__WORK TASK__. Retype, exactly as they appear below, the lines between the line holding "Бульонница из керамики" and the line holding "957-173XXP-101, 957-173XXP-102, S9N-2062210-M47", both ends included.

__LISTED RECORDS__.
◇ ◇ ◇ ◇ ◇
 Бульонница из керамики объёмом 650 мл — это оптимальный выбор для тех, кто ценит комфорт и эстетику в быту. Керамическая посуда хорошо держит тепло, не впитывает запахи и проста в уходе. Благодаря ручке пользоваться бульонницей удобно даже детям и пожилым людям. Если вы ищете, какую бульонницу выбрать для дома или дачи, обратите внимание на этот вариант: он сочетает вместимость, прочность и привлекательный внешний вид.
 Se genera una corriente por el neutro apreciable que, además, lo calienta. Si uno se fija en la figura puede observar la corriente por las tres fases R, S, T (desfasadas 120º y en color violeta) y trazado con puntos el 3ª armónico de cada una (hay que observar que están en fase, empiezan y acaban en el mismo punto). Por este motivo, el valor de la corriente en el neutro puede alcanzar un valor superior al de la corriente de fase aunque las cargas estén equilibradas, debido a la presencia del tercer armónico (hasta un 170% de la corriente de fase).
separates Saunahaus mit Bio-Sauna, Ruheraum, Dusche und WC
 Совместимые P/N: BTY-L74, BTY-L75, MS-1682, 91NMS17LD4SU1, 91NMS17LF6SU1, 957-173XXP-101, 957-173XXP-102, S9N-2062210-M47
◇ ◇ ◇ ◇ ◇
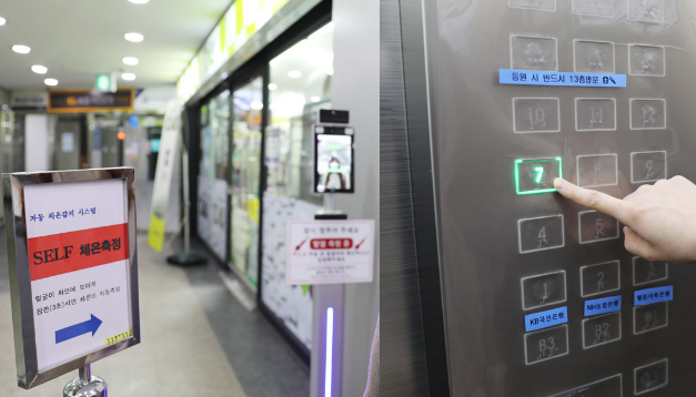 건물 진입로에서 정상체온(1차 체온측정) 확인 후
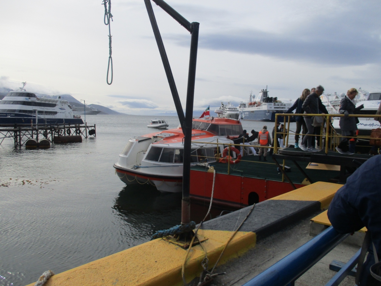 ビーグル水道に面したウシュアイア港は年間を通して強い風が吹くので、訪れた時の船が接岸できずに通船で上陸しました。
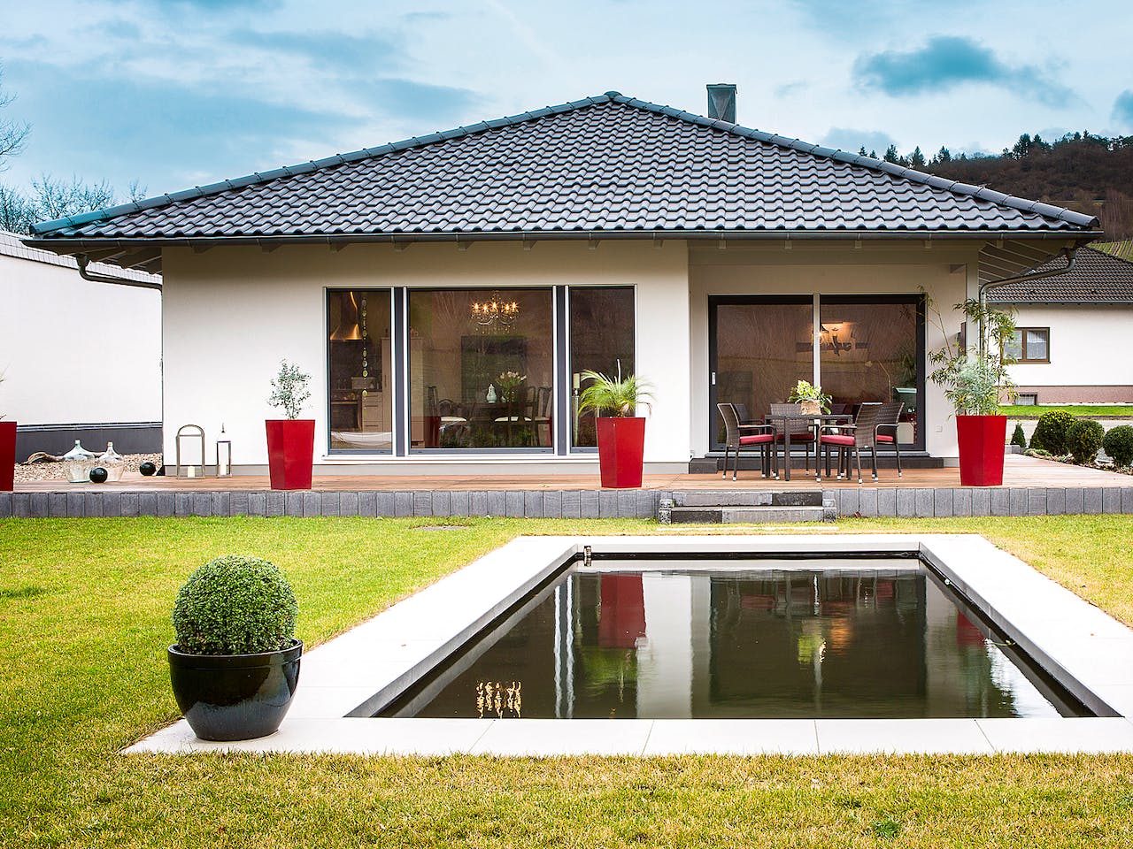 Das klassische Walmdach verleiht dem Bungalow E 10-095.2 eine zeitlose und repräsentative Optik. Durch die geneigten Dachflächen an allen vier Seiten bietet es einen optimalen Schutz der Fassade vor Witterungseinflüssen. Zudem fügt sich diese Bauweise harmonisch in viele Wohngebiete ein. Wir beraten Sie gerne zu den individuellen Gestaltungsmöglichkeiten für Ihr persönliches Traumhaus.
◇ ◇ ◇ ◇ ◇
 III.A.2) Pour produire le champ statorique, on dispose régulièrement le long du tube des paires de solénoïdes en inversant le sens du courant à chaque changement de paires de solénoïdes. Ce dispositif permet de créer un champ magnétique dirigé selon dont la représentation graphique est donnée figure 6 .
◇ ◇ ◇ ◇ ◇
__REPLY__.
 Бульонница из керамики объёмом 650 мл — это оптимальный выбор для тех, кто ценит комфорт и эстетику в быту. Керамическая посуда хорошо держит тепло, не впитывает запахи и проста в уходе. Благодаря ручке пользоваться бульонницей удобно даже детям и пожилым людям. Если вы ищете, какую бульонницу выбрать для дома или дачи, обратите внимание на этот вариант: он сочетает вместимость, прочность и привлекательный внешний вид.
 Se genera una corriente por el neutro apreciable que, además, lo calienta. Si uno se fija en la figura puede observar la corriente por las tres fases R, S, T (desfasadas 120º y en color violeta) y trazado con puntos el 3ª armónico de cada una (hay que observar que están en fase, empiezan y acaban en el mismo punto). Por este motivo, el valor de la corriente en el neutro puede alcanzar un valor superior al de la corriente de fase aunque las cargas estén equilibradas, debido a la presencia del tercer armónico (hasta un 170% de la corriente de fase).
separates Saunahaus mit Bio-Sauna, Ruheraum, Dusche und WC
 Совместимые P/N: BTY-L74, BTY-L75, MS-1682, 91NMS17LD4SU1, 91NMS17LF6SU1, 957-173XXP-101, 957-173XXP-102, S9N-2062210-M47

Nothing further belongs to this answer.